▶ _To do_: Set down without change every line from the line that contains "University of Rochester" through the end of the listing, and only those lines. No pictures.

▶ _Study material_:
....................

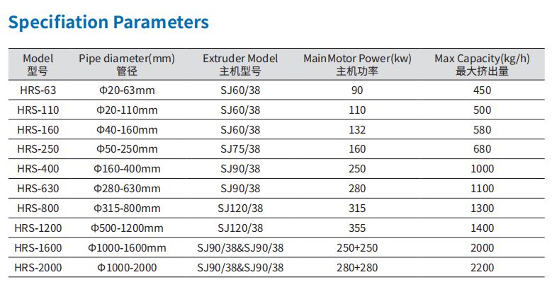 Barisan pengeluaran paip PE/PP/PPR/HDPE/LDPE boleh digunakan untuk menghasilkan paip air panas dan sejuk PPR, paip PE, dan paip teras silikon. Barisan pengeluaran ini boleh digunakan untuk menghasilkan paip warna tunggal dari extruder tunggal, atau menghasilkan paip warna pelbagai lapisan dari pelbagai extruders melalui kepala penyemperitan CO.
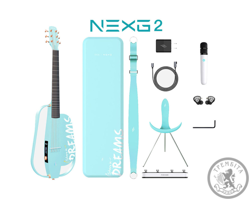 Комплектація: Гітара, чохол, підставка для заряджання, бездротова педаль, ремінець, кабель для заряджання, ручний бездротовий мікрофон, навушники.
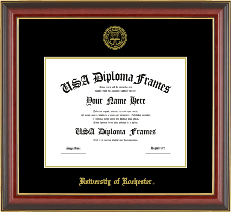 University of Rochester Diploma Frame – Cherry Mahogany Gold Trim Glossy – Black and Gold Mat
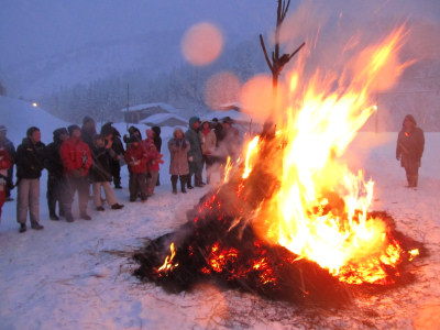 他にも火が燃え尽きて、中心の木が倒れた方向にある家には、その年子供が生まれるといういわれもあるそうで。
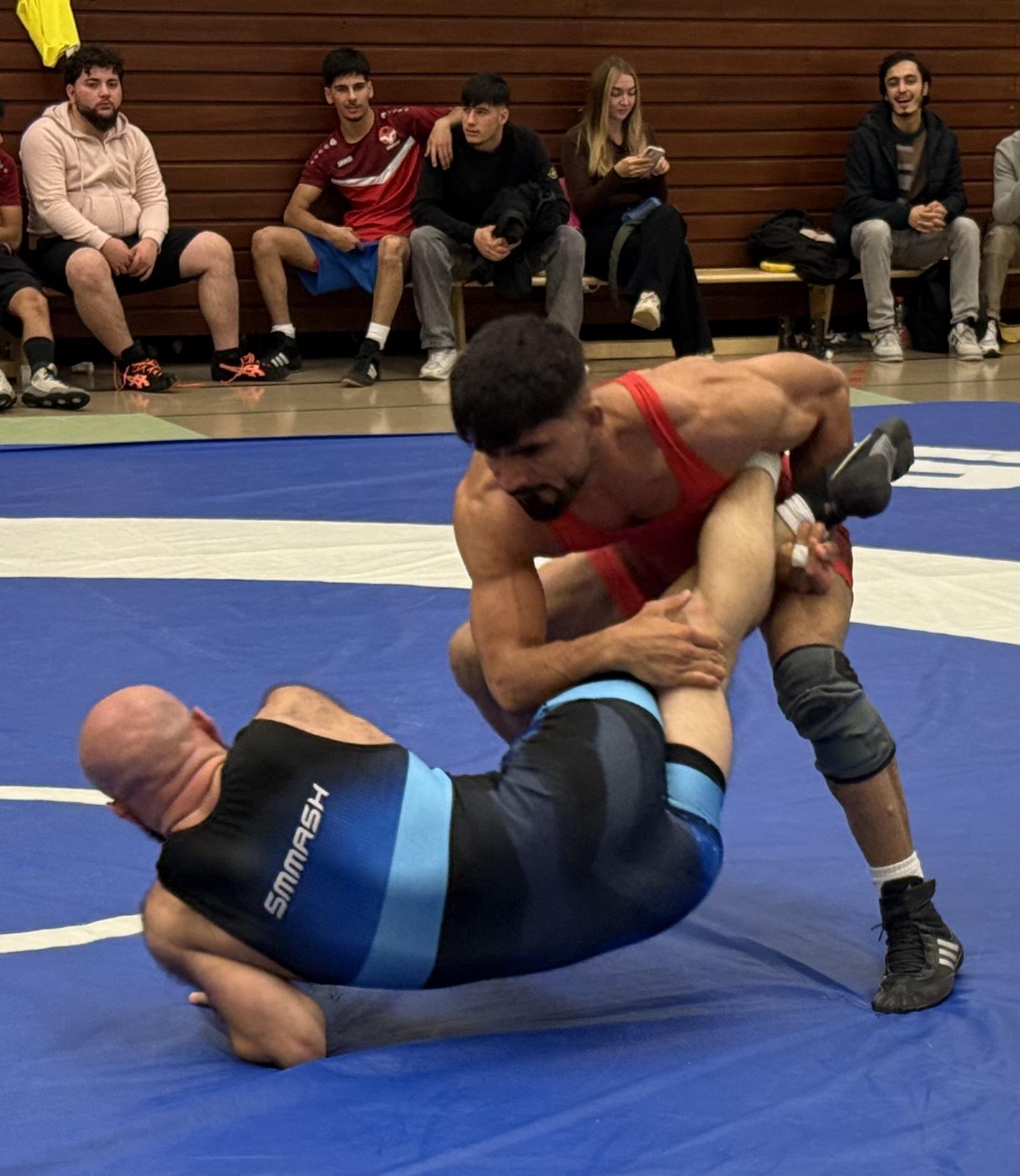 Bild: Roni Hussein (rot) hält Isa Akdogan (blau) zum Schultersieg (beide Schulterblätter auf der Matte)

....................

▶ _Solved problem_:
 University of Rochester Diploma Frame – Cherry Mahogany Gold Trim Glossy – Black and Gold Mat
 他にも火が燃え尽きて、中心の木が倒れた方向にある家には、その年子供が生まれるといういわれもあるそうで。
 Bild: Roni Hussein (rot) hält Isa Akdogan (blau) zum Schultersieg (beide Schulterblätter auf der Matte)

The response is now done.